Data for the task: Begin

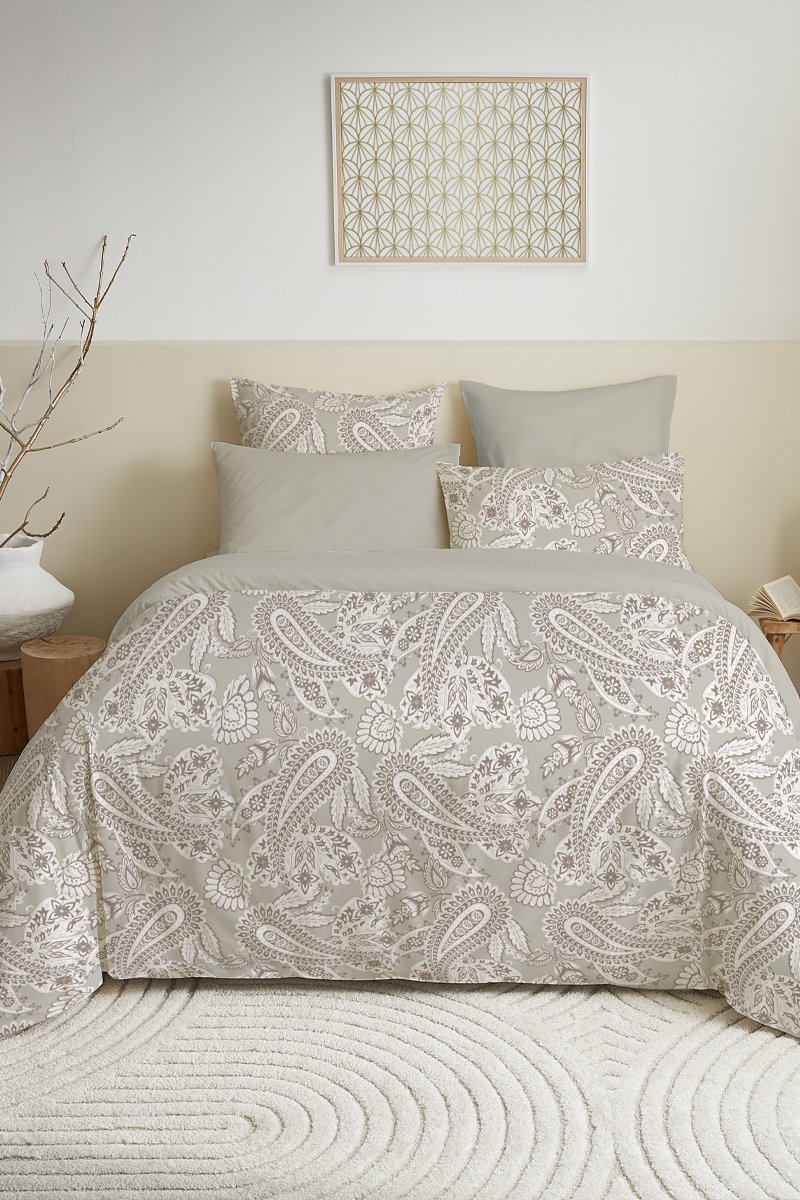 Parure de couette réversible en coton 57 fils/cm² - Beige
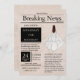Belo jornal em estilo antigo, "Notícias de Última Hora", edição especial com modelos personalizáveis com uma garota em vestido formal. Seu lindo vestido em aquarela é de cor branca prateada com detalhes de brilho falso.
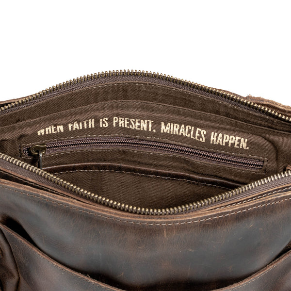 - Adjustable leather crossbody strap
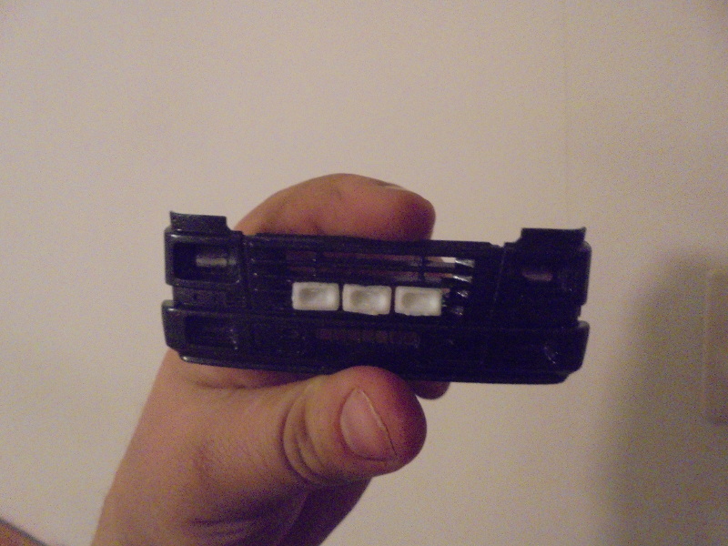 I got a bit upset when this one did hit the floor and shattered into pieces, but I gave it another chance now. Maybe not too bad looking? I was a bit nervous when I got the idea that three auxillary lights would look good recessed into my freshly painted grille, but I managed to cut it mostly unscratched, so.... A little mockup. -
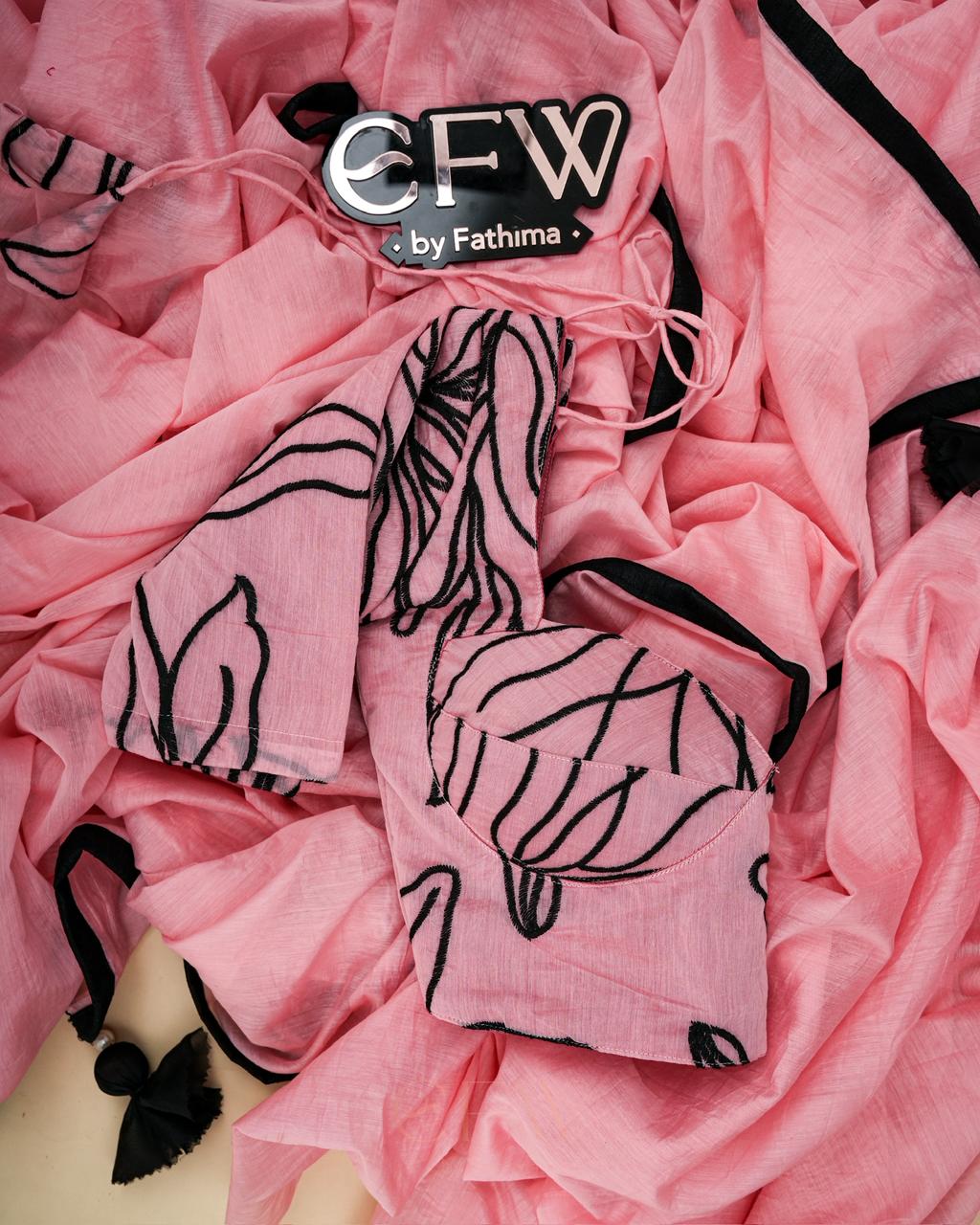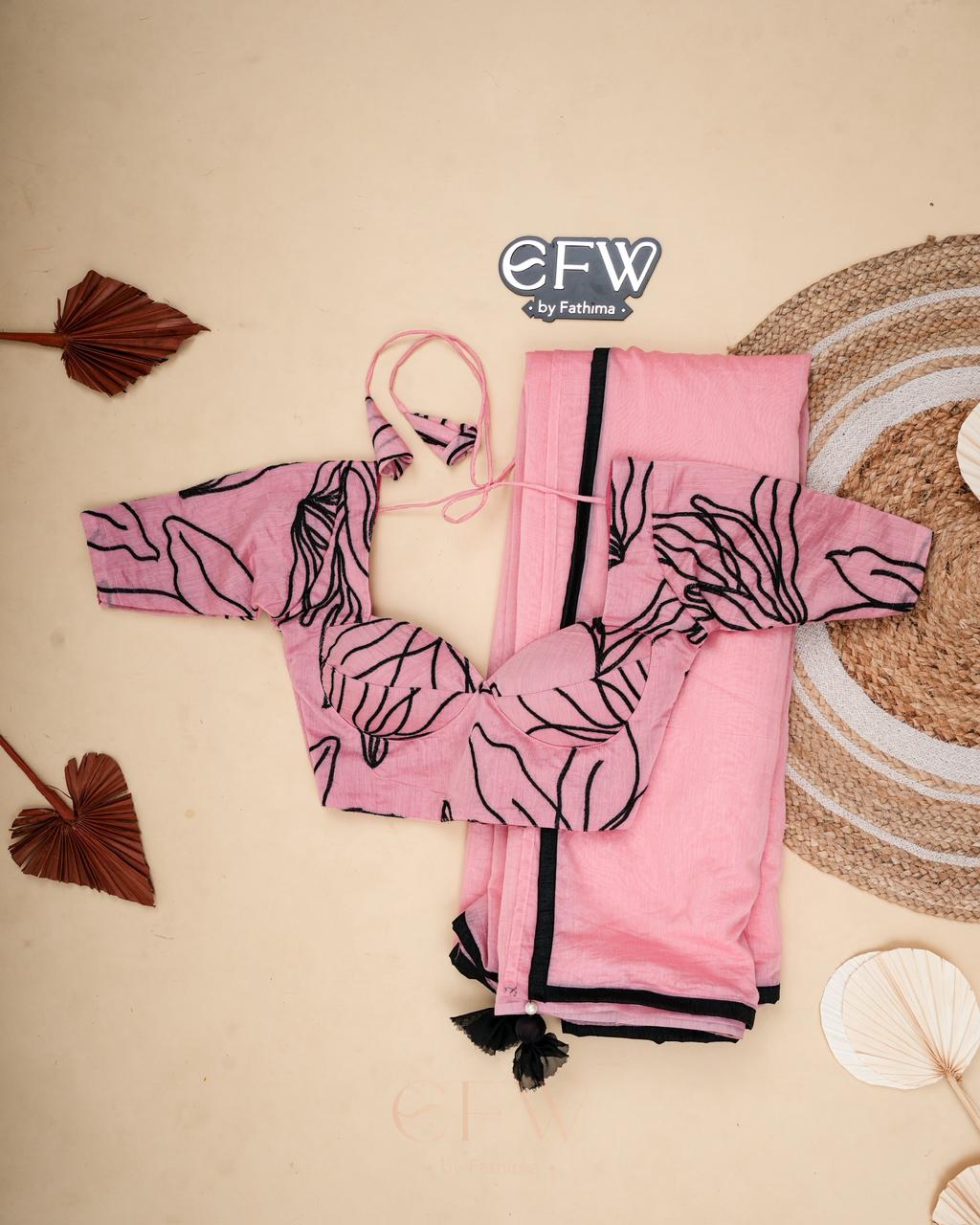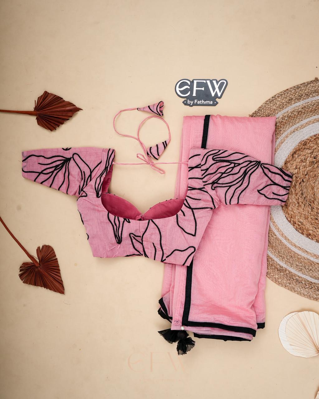 The saree flows in an airy pastel pink drape, light as a whisper and effortlessly graceful. Framed with a sharp black border, the softness of the chanderi fabric is beautifully defined, creating a clean, sculpted silhouette. The contrast edging gives the saree a refined, modern finish while keeping it delicately feminine.

Data for the task: End

Assigned task: Nothing but the lines from the one that contains "I got a bit" through the end of the material above is to be reproduced, exactly and without pictures.

Task solution:
 I got a bit upset when this one did hit the floor and shattered into pieces, but I gave it another chance now. Maybe not too bad looking? I was a bit nervous when I got the idea that three auxillary lights would look good recessed into my freshly painted grille, but I managed to cut it mostly unscratched, so.... A little mockup. -
 The saree flows in an airy pastel pink drape, light as a whisper and effortlessly graceful. Framed with a sharp black border, the softness of the chanderi fabric is beautifully defined, creating a clean, sculpted silhouette. The contrast edging gives the saree a refined, modern finish while keeping it delicately feminine.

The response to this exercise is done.